_INFORMATION_
=-=-=

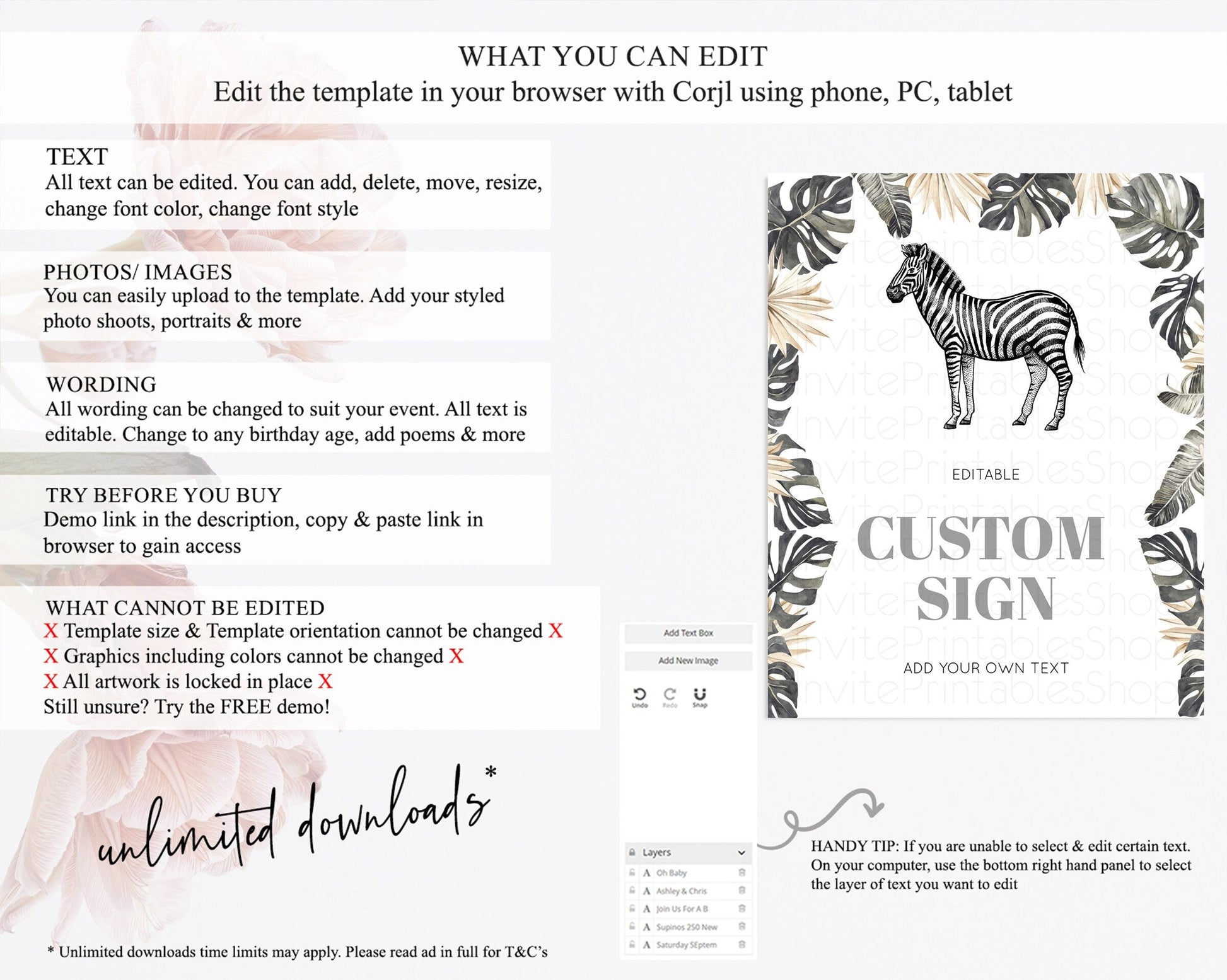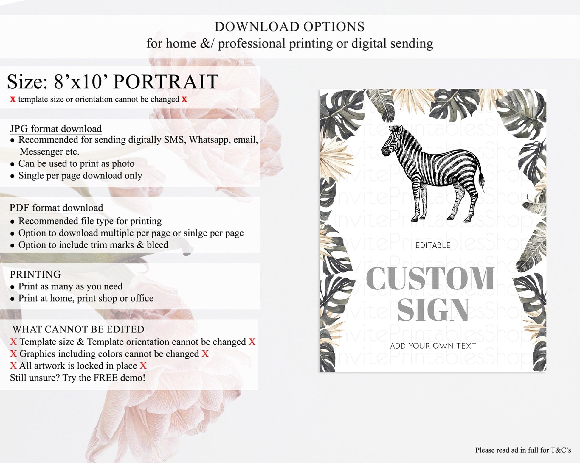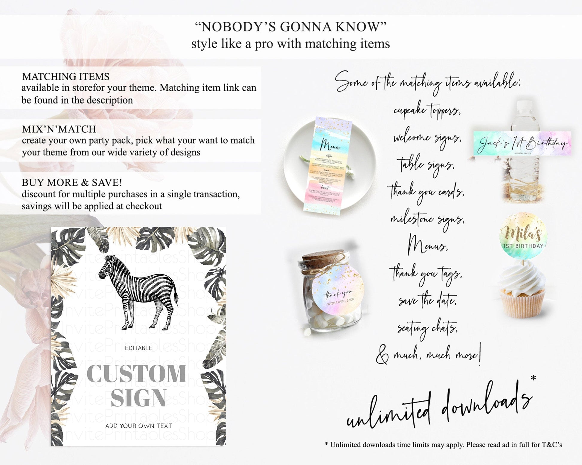 Zebra Sign Zebra Table Sign Decor Zebra Party Sign Template Safari Adventure Zebra Minimal Theme 1st Birthday Baptism Baby Shower D10824
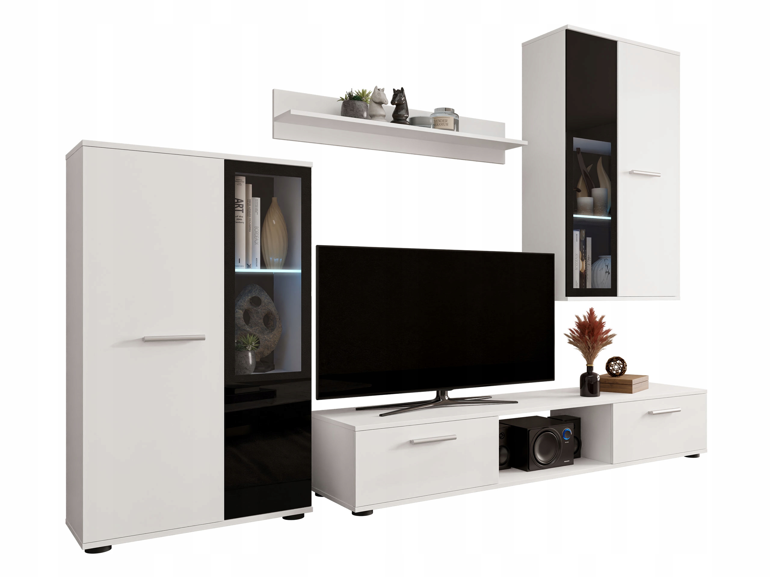 Представлений набір меблів - це поєднання сучасного стилю та функціональності. Настінний блок стане чудовим місцем для обладнання RTV та декоративних елементів.
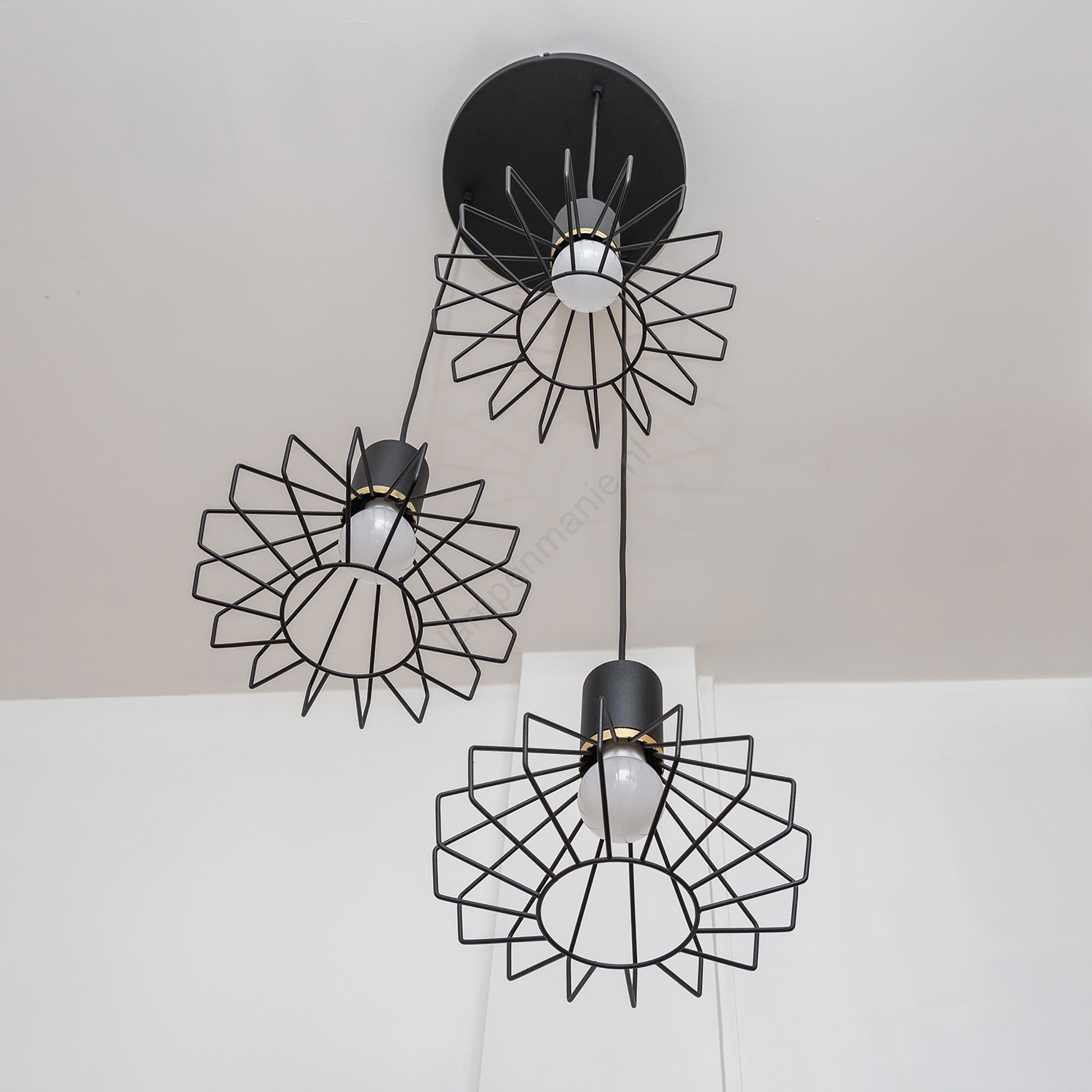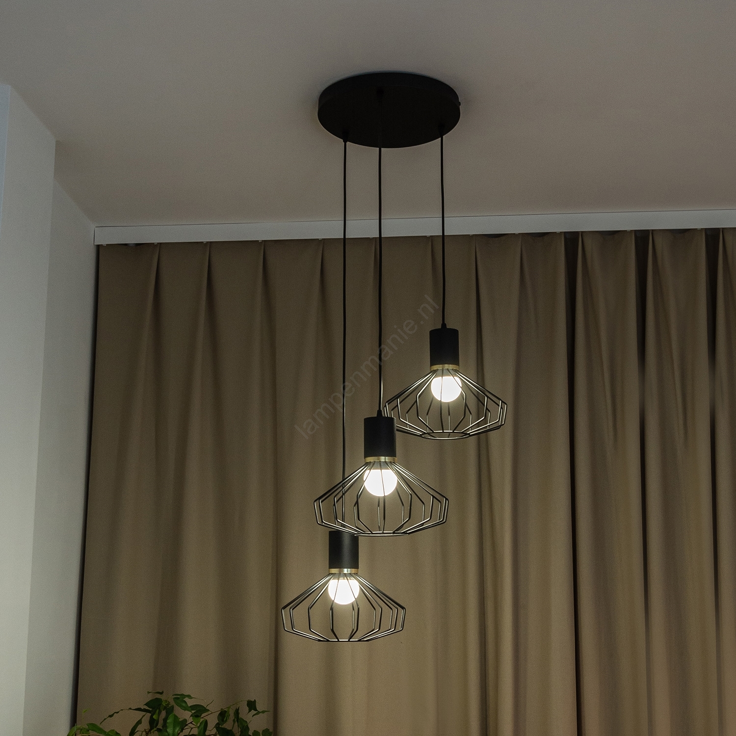 Hanglamp met kabel SOLANO 3xE27/15W/230V zwart/goud kenmerkt een mooi en functioneel ontwerp.  Voor het licht is een lamp met E27 fitting geschikt. Hier kunt u andere lampen tegen voordelige prijzen kopen. U heeft een interessante aanwinst voor uw woning.
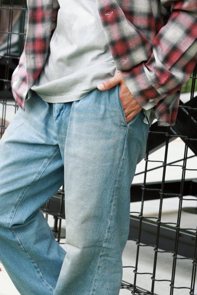 ゆったりとしたヒップ、モモ部分に膝下からややテーパードをかけ、すっきりとしたシルエットに仕上がっているジェントルパンツ。リアルに穿き込み、ある程度馴染んだウォッシュ加工は「’70年代ウォッシュ」と名付けられ表情も抜群だ。
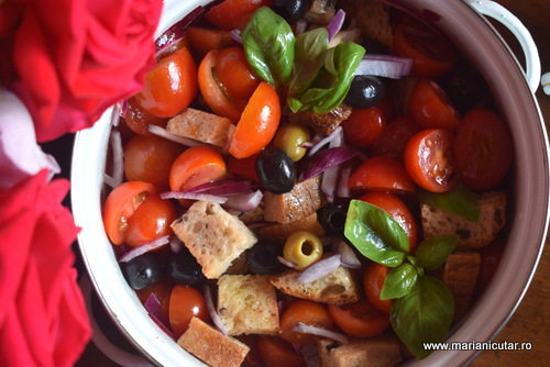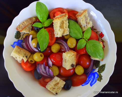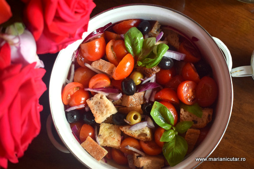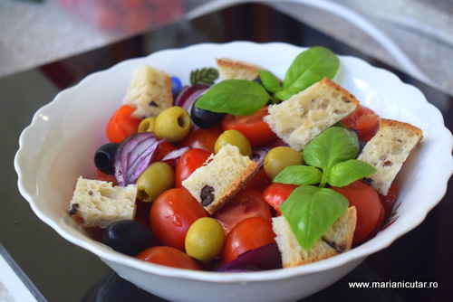 Atat pentru azi. V-am lasat mai sus reteta de salata siciliana, o salata originara din Sicilia, unde era considerata mancarea omului de rand, o mancare modesta, in care gospodinele puneau rosii crescute in gradina, niste paine veche, uscata si cateva frunze de busuioc, plus uleiul de masline pe care orice gospodarie si-l producea.

=-=-=

Without the pictures, output the full listing exactly as it stands.

 Zebra Sign Zebra Table Sign Decor Zebra Party Sign Template Safari Adventure Zebra Minimal Theme 1st Birthday Baptism Baby Shower D10824
 Представлений набір меблів - це поєднання сучасного стилю та функціональності. Настінний блок стане чудовим місцем для обладнання RTV та декоративних елементів.
 Hanglamp met kabel SOLANO 3xE27/15W/230V zwart/goud kenmerkt een mooi en functioneel ontwerp.  Voor het licht is een lamp met E27 fitting geschikt. Hier kunt u andere lampen tegen voordelige prijzen kopen. U heeft een interessante aanwinst voor uw woning.
 ゆったりとしたヒップ、モモ部分に膝下からややテーパードをかけ、すっきりとしたシルエットに仕上がっているジェントルパンツ。リアルに穿き込み、ある程度馴染んだウォッシュ加工は「’70年代ウォッシュ」と名付けられ表情も抜群だ。
 Atat pentru azi. V-am lasat mai sus reteta de salata siciliana, o salata originara din Sicilia, unde era considerata mancarea omului de rand, o mancare modesta, in care gospodinele puneau rosii crescute in gradina, niste paine veche, uscata si cateva frunze de busuioc, plus uleiul de masline pe care orice gospodarie si-l producea.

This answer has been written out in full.